From 1975 to 1976, Smith worked with Nobel laureate F. Sanger at the MRC Molecular Biology Laboratory in the UK, standing at the forefront of gene and genome organization research. He, along with Sanger, introduced a technique called oligonucleotide-directed site-specific mutagenesis. This addressed the issue of how to effectively determine the impact of single mutated genes. Introducing site-specific mutations into genes required the development of synthetic DNA technology. A similar technique, in situ hybridization (ISH), had been described in the late 1960s. This is a hybridization that uses labeled probes (such as complementary DNA, RNA, or modified nucleic acid chains) to locate specific sequences in a part or portion of tissue.
PCR technology has greatly transformed the diagnostic potential of medical research. In rheumatology, the ability to identify very small amounts of microbial DNA or RNA has become crucial, such as in Lyme arthritis or Whipple’s disease. Additionally, HLA alleles, such as HLA-B27, can be distinguished through PCR rather than FACS. ISH can detect inflammatory cytokines in inflammatory tissue biopsy specimens.
The geographical distribution of HLA-B27 primarily follows a north-south decline. Thus, the prevalence of HLA-B27 in Nordic and Eskimo populations is as high as 25%, while in some regions of Africa, it is less than 3%. This may be due to the strong ability of HLA-B27 to present viral peptides.

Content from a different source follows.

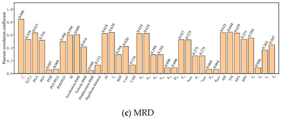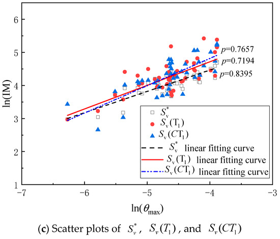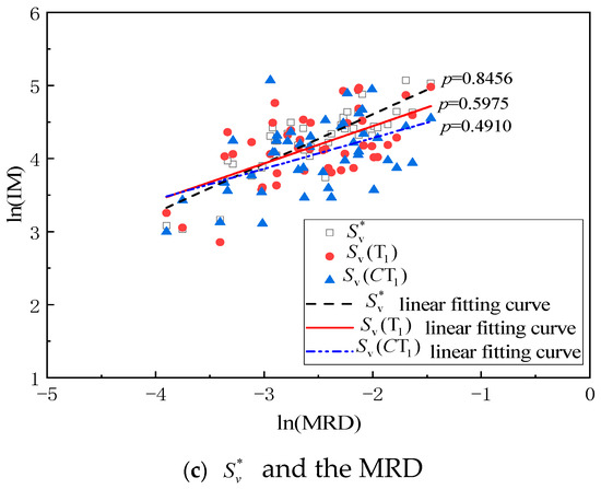 In addition to the MIDR, the MRD is another widely used EDP. Figure 5 presents the scatter plots of the IMs and the MRD. Despite the different correlation coefficient values, the Pearson coefficient of is much closer to 1 compared with the PGA and PGV measures, which is similar to the cases of the MIDR. Compared with , the Pearson coefficient of is improved from 0.6949 to 0.7605. The increment in the Pearson coefficient denotes the necessity to account for the isolated mass ratio, as can be seen from Figure 6c.

PCR technology can identify allele subtypes, most of which have very small amino acid differences. In Europe, the main subtypes are HLA-B2702 and HLA-B2705. This varies in other countries, such as China, where HLA-B2704 is dominant. All three subtypes are associated with AS. However, studies have found that the HLA-B2706 subtype found in Thailand and the HLA-B2709 subtype found in Sardinia are not associated with AS. The reasons for this are unclear, but there is some evidence that peptide groups may differ. Although the pathogenesis of axSpA has not yet been elucidated, it seems clear that genes such as HLA-B27, ERAP-1, and IL-23R contribute significantly. Additionally, the role of mechanical stress on the joints has been a focus of research, including the connection between inflammation, responsible cytokines, and new bone formation, including issues of bone immunology. Many interesting papers and hypotheses have been published in this area over the past decade.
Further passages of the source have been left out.